WHILE the economic crisis in Europe and the US may seem like a long way away, it’s a very real challenge in the Western Cape where many fruit, vegetable and wine growers are having to manage the negative effects of weak demand for exports. According to the Western Cape Department of Economic Development and Tourism’s quarterly report by the Bureau for Economic Research (17 November 2011), the province produces approximately 60% of South Africa’s agricultural exports. Nearly 50% goes to Europe and the US, with countries in the European Union receiving the lion’s share of 41%.

From an export perspective, the report concludes that the Western Cape is very exposed to the heightened global economic uncertainty, particularly the developments in Europe, namely the sovereign debt crisis and severe austerity measures. This decline in demand led to a slump in Manufacturing Business Confidence during the reporting period.

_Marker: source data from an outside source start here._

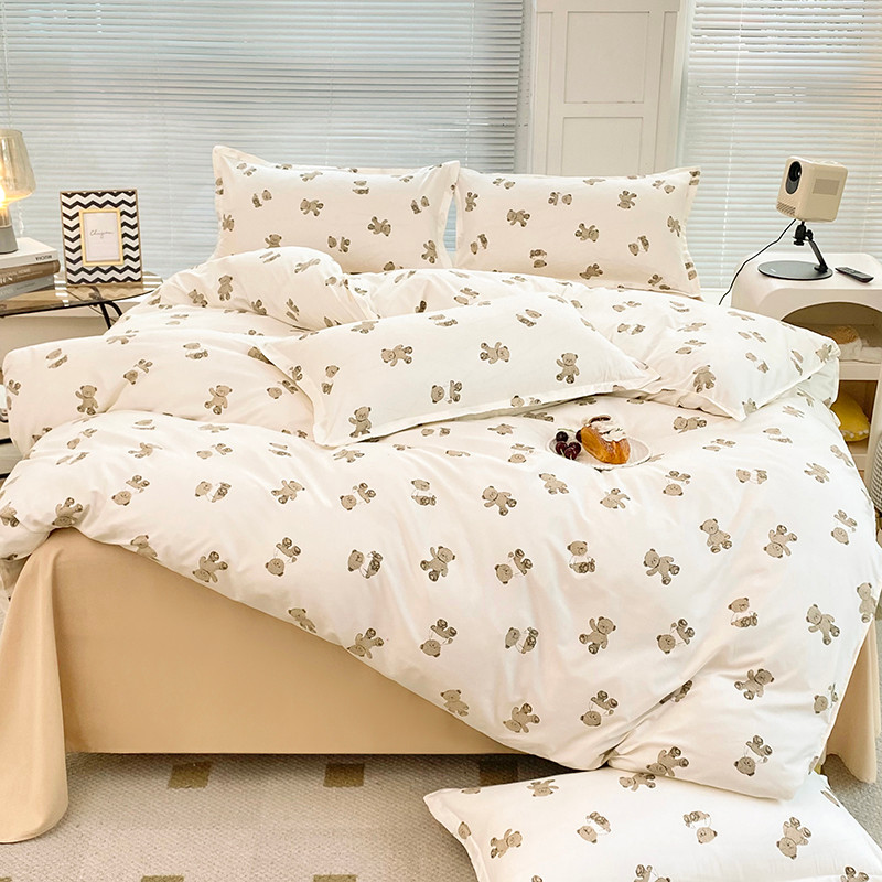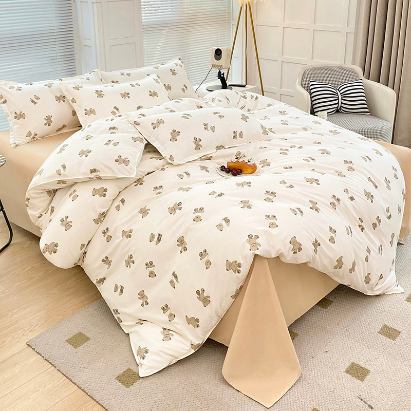 楠沐 2025年新款亲肤水洗棉磨毛单被套 抱抱熊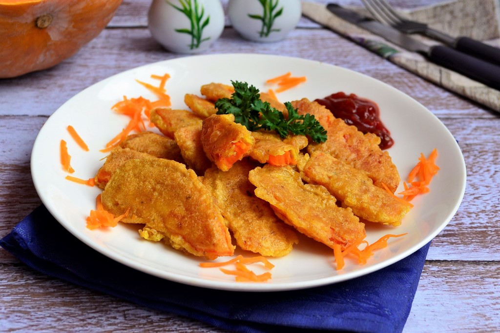 Подавать очень вкусную тыкву, приготовленную в кляре на сковороде, в тёплом виде с любимым соусом или кетчупом, можно есть и без ничего.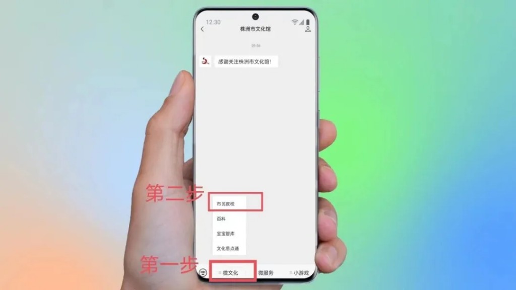 打开微信,关注株洲市文化馆公众号,点击进入公众号主页。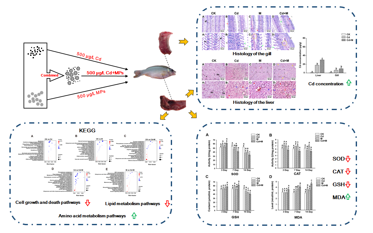 研究表明(图1): MPs促进Cd在禾花鲤中的累积,复合胁迫组肝脏、鳃组织中的Cd浓度显著高于单独胁迫,具有协同效应。Cd和Cd + MPs处理影响肝脏组织的结构完整,引起肝细胞坏死等病理损伤;此外,复合暴露还导致了肝血窦扩张。MPs和Cd + MPs处理导致鳃组织细胞增生、鳃片扭曲以及充血和肿胀。MPs和Cd单一及复合胁迫均干扰禾花鲤肝脏抗氧化系统的正常运行,可能会引起氧化应激的发生。Cd暴露组中的大部分差异表达基因(DEGs)富集在 “免疫”和“细胞生长与死亡”相关通路, Cd暴露影响了禾花鲤的免疫防御功能。脂质代谢相关的DEGs在MPs组中显著下调,表明MPs影响肝脏脂类代谢。复合暴露组中与“免疫功能”和“氨基酸代谢”相关的DEGs上调,即复合胁迫影响禾花鲤的免疫功能及氨基酸代谢,不利于禾花鲤的健康。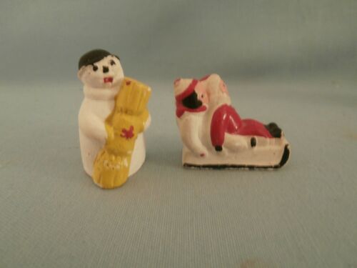2 TINY VINTAGE MINIATURE CHALK CHALKWARE SNOWMAN KIDS FIGURINES MADE IN ENGLAND
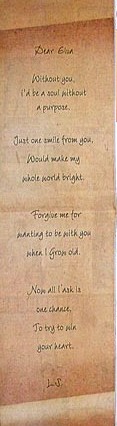 据台湾“中国时报”消息,这篇求爱广告的内文是:亲爱的Elva,没有你我就像个失去方向的灵魂,只要你的一个微笑就可让我的世界充满光彩,原谅我如此想要与你共度余生,我只请求给我一次机会,让我试著赢得你的心。 L.S.
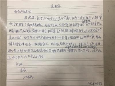 ????孩子的道歉信。 ????揚(yáng)子晚報(bào)訊(記者 張可)南京六朝博物館想尋找一名小觀眾。上月底這個(gè)孩子跟著班級(jí)春游來(lái)博物館參觀時(shí),悄悄拿走了展廳里用于布展的兩塊鵝卵石,幾天后他又帶著道歉信和鵝卵石,回來(lái)承認(rèn)錯(cuò)誤。六朝博物館的工作人員告訴揚(yáng)子晚報(bào)記者,叔叔阿姨們不僅原諒了他,還想表?yè)P(yáng)孩子身上“知錯(cuò)就改”的勇氣、精神,并授予他“名譽(yù)小館員”的稱(chēng)號(hào)。 ????門(mén)口大廳害羞徘徊半天,終于道出實(shí)情 ????南京六朝博物館的安保人員小朱最先注意到這個(gè)孩子。“4月8日下午,看見(jiàn)他在博物館一樓入口處的大廳站了半天,猶猶豫豫的樣子,上去一問(wèn),伸出手遞給我兩塊鵝卵石和一封道歉信?!毙≈旄嬖V揚(yáng)子晚報(bào)記者,孩子看上去很害羞,小臉通紅,說(shuō)要把石頭還回來(lái)。 ????原來(lái),今年3月31日,南京一所小學(xué)的幾個(gè)班級(jí)到六朝博物館參觀,當(dāng)時(shí)這個(gè)孩子悄悄拿走了展廳里鋪在步道旁的鵝卵石。“其實(shí)31日當(dāng)天參觀結(jié)束時(shí),有老師帶著另一個(gè)孩子向售票處的工作人員還了一顆鵝卵石并道歉,但兩個(gè)孩子不是同一個(gè)人?!绷┪镳^的工作人員介紹,后來(lái)在監(jiān)控視頻回看發(fā)現(xiàn),這名送道歉信的孩子是當(dāng)天媽媽騎著電動(dòng)車(chē)送來(lái)的,媽媽一個(gè)人在門(mén)口的人行道上等著,讓孩子自己進(jìn)去說(shuō)。 ????孩子的道歉信寫(xiě)得質(zhì)樸而真切。“在這里,我要對(duì)你們說(shuō)聲對(duì)不起……我不應(yīng)該不經(jīng)過(guò)你們的同意就隨便地拿走鵝卵石……如果每個(gè)游客都和我當(dāng)時(shí)一樣拿了鵝卵石就放進(jìn)口袋,那么博物館將沒(méi)有一塊鵝卵石……請(qǐng)你們?cè)徫?,?duì)不起了,我以后在(注:原文如此)也不會(huì)這么做了。”

But Robin Moore, the managing director of Nampak Flexible, Africa’s leading flexible packaging company, is optimistic and upbeat. “Increasingly, growers are identifying our flexible bags, pouches and sachets as a means of gaining competitive advantage in the tough export market. There’s no doubt that our A to Z range is like packaging nirvana for exporters, offering superior performance across the whole supply chain, specifically in terms of cost efficiencies, print quality, pack functionality and consumer convenience,” he says.